But, all is well. I did the bottom job, repairing the only 6 blisters on her basically clean bottom before putting on 3+ coats of high quality bottom paint (actually ended up being 5 coats on all leading edges). The few times I've sailed Trilogy have been wonderful, esp a terrific sail with friends during SF Fleet week '06 which included an anchor out night during which I actually got a couple hours of sleep, as well as the most hectic day of sailing I've ever personally experienced amidst what seemed like 1000's of boats jockeying for position to watch the Blue Angels perform rather than watching the position of all the other boats on collision courses...fun times.

I live with my 2 cats in a lovely marina on the Carquinez Straights, and I'm working towards paying off my loans and then outfitting Trilogy with cruising gear with a goal of heading for first Baja, Mexico and then possibly points beyond.

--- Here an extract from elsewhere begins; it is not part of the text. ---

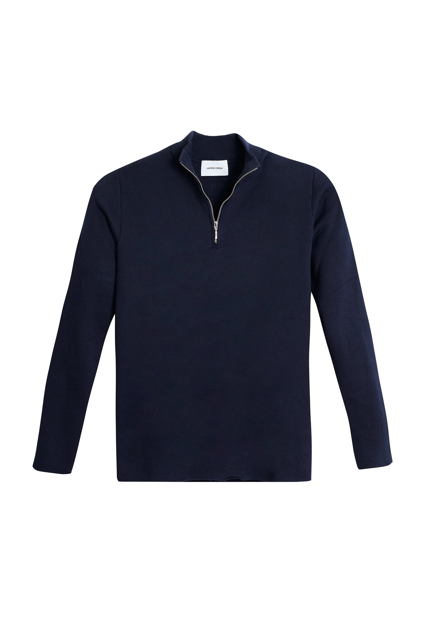 Jersey de algodón 100%, extrafino y con cierre de 1/4 cremallera. Color azul marino. Una reinterpretación del cásico jersey de cremallera con el twist Hippie Crew.

I've enjoyed reading this site, and I'm learning alot thanks to many of you old and not so old salts.
Thanks esp to Giu and his "how to" videos...the Heaving To video esp....wow did that demystify that technique for me.

Cheers and fair winds.
Matt.


----------



## artbyjody (Jan 4, 2008)

Please post photo of self.. stats not necessary unless you draw more than 7 foot of draft... welcome aboard!!! Beware the Nigerians asking for photo but Portuguese - it is ok - they do great work with photo imaging!!!


----------



## TSOJOURNER (Dec 16, 1999)

Matt,
Welcome, you've found a great site with lots of good info and humor. Don't listen to Art, he used to be in the Portugese Secret Service working for some guy here who was a Portugese prince or something before they threw him out. No photos whatever you do.


----------



## camaraderie (May 22, 2002)

Good luck to ya Matt & welcome aboard!


----------



## djodenda (Mar 4, 2006)

Welcome, Matt!


----------